The batch system processes multiple offers in parallel:

batch-input.tsv    ->  batch-runner.sh  ->  N x AI CLI workers
(id, url, source, notes) (iso-orchestrator) (opencode run / codex exec)
                           |
                    batch-state.tsv + .jobforge-runs/
                    (progress + durable workflow record)

Each worker is a headless CLI agent (opencode run or codex exec) that receives the full batch-prompt.md context. Workers produce:

  • Report .md
  • PDF
  • Tracker TSV line

The orchestrator manages parallelism, state, retries, and resume. The default runner delegates to scripts/batch-orchestrator.mjs, which uses @agent-pattern-labs/iso-orchestrator for bounded bundle fan-out, idempotent bundle steps, mutexed report-number/state writes, and worker leases/heartbeats. Pass --runner codex to use Codex workers instead of OpenCode. Set JOBFORGE_LEGACY_BATCH_RUNNER=1 only if you need the old shell loop.

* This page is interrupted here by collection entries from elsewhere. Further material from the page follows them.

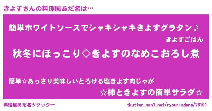 | 男性向けラノベタイトル風あだ名 | 『きよすに滅ぼされるだけの簡単なお仕事です』 |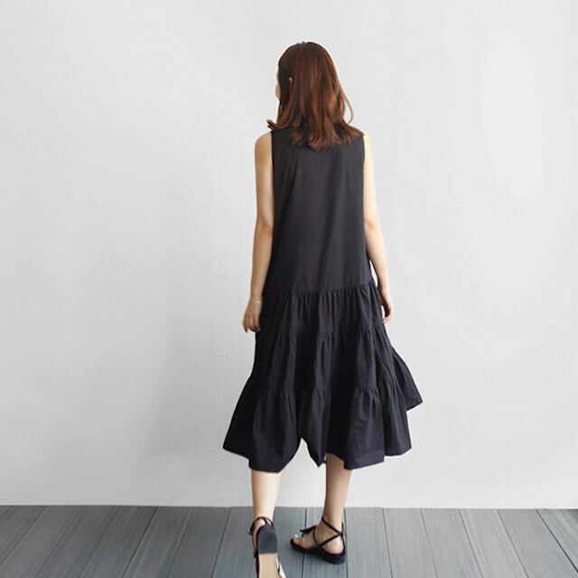 ワンピース サマードレス レディース 切替 ひざ下 ノースリーブ ゆったり デイリー シンプル カジュアル ブラック S/M/L/XL/2XL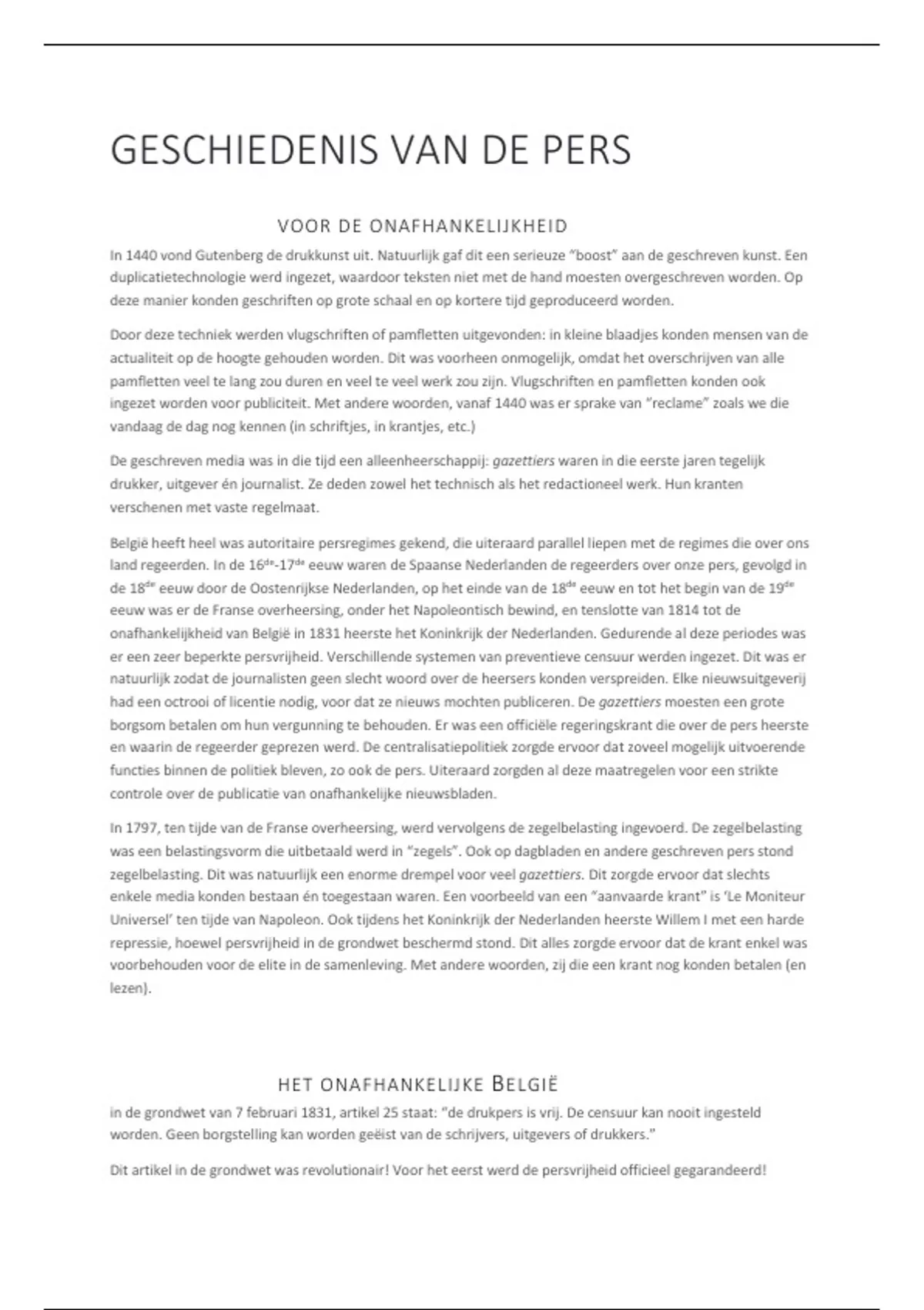Dit document is de samenvatting van het hoofdstuk "geschiedenis van de pers" van het vak "inleiding tot de journalistiek" dat in de richting Toegepaste Taalkunde en in het schakelprogramma journalistiek aan de VUB gegeven wordt. Deze samenvatting legt het hoofdstuk zo goed mogelijk uit en is zeer handig voor als je de lessen hebt gemist of als ondersteuning bij het examen. Je mag me altijd een berichtje sturen als je vragen of opmerkingen hebt! Veel succes :)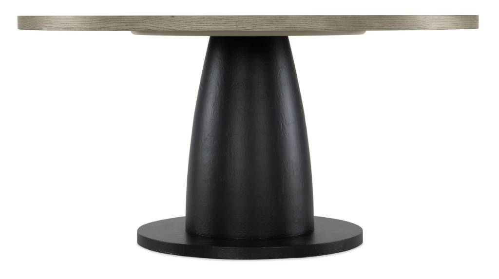 Product Description: Organic, rustic and modern, the Blue Ridge Round Dining Table features a two-tone finish combining a textured black pedestal base with a top in the soft smoked gray Mink color. Crafted of Oak Veneers, the 60-inch round shape invites conversation and connection.

Local batch artifacts: batch/batch-input.tsv, batch/batch-state.tsv, batch/logs/, batch/tracker-additions/*.tsv, and .jobforge-runs/ are created when you run the runner; they are gitignored (with .gitkeep in batch/logs/ and batch/tracker-additions/). A fresh clone ships batch/batch-runner.sh and batch/batch-prompt.md only until you add an input file — see batch/README.md and batch/batch-runner.sh --help for the TSV layout and workflow.

Data Flow

cv.md                    →  Evaluation context
article-digest.md        →  Proof points for matching
config/profile.yml       →  Candidate identity
portals.yml              →  Scanner configuration
data/pipeline.md        →  Pending URLs and `local:jds/...` inbox (see modes/pipeline.md)
.jobforge-ledger/events.jsonl → Append-only workflow events for cheap local duplicate/status checks
.jobforge-index.json     →  Deterministic artifact lookup index built from templates/index.json
.jobforge-facts.json     →  Deterministic fact set built from templates/facts.json
.jobforge-timeline.json  →  Deterministic follow-up action plan built from templates/timeline.json
.jobforge-prioritize.json → Deterministic next-action priority queue built from templates/prioritize.json
.jobforge-lineage.json   →  Artifact lineage graph for stale report/PDF checks
jds/*.md                 →  Saved job descriptions referenced from the pipeline (`local:jds/{file}`)
templates/states.yml     →  Canonical status values
templates/canon.json      →  Canonical URL/company/role identity keys
templates/score.json      →  Canonical weighted scoring rubric and gates
templates/context.json    →  Deterministic mode/reference context bundle policy
templates/facts.json      →  Source-backed fact extraction policy
templates/timeline.json   →  Follow-up and next-action timing policy
templates/prioritize.json →  Next-action ranking policy
templates/preflight.json  →  Safe apply dispatch rounds/gates policy
templates/postflight.json →  Safe apply dispatch settlement policy
templates/migrations.json → Safe consumer-project upgrade policy
templates/cv-template.html → PDF generation template
examples/*.md            →  Fictional layouts only (not read by scripts; see examples/README.md)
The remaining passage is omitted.